Today I had a doctor’s appointment. It was a check-up from the labs I had drawn yesterday. We go over the report and he makes suggestions as to what I can do to help myself.
All the numbers on those LD’s etc were in normal ranges. I was happy. My sugars had come down a little with having added five units of insulin these past few months but he wants them to where they were several years ago, I think, so he added five more units of insulin.
It was my turn to make suggestions this visit. I had a full memory list of what I wanted to ask but got shot down on all of my questions. He explained why this and that and I understood what he was saying, until we got to my last question.

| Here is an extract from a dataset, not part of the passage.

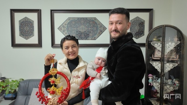 冉德文将买好的礼物送给妻子和女儿,“我非常喜欢,他总是知道我喜欢什么样的款式。”冉德文的妻子努尔比亚·吐地说。“今年是宝宝出生的第一个春节,所以非常有意义。我觉得过年就是一家人在一起。”冉德文说。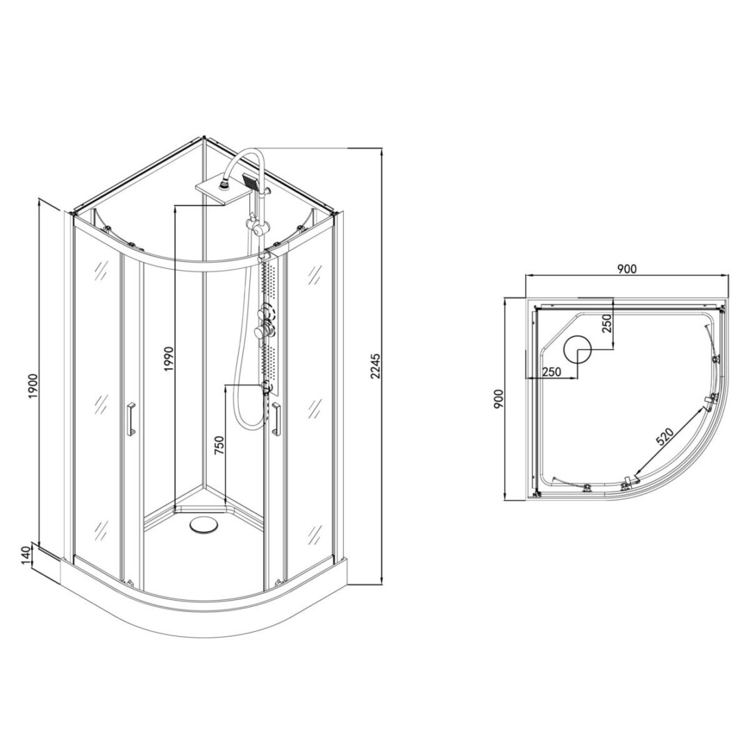 De EVEREST cabine is bewust ontworpen zonder gesloten dak, wat zorgt voor een open gevoel en een frisse, luchtige douche-ervaring. De regendouche steekt deels boven de cabine uit, waardoor er een royale afstand van 199 cm is tussen de regendouche en de vloer. Dit geeft u de ruimte om comfortabel te douchen, ongeacht uw lengte.

I told him about my Dystonia causing my arch to hurt most days from my toes curling. I explained that my weeble-wobble was becoming more of a daily issue now. He said, there wasn’t anything to FIX ME.
I guess I knew it inside from belonging to so many support groups on FB. What his suggestion was as he was opening the door to leave was; “Probably time to consider using a walker full-time and get a wheelchair.”
I said nothing. He said nothing. He gave me a pat on the shoulder and smiled then left to see the next patient. I stood and stared at him as he walked away. It has been four hours since that talk and I still don’t want to believe it.
I told one of my friends about it and expressed I was not ready to sit in a wheelchair, even part-time. They asked me, “Falls and hospitals or safe and at home?”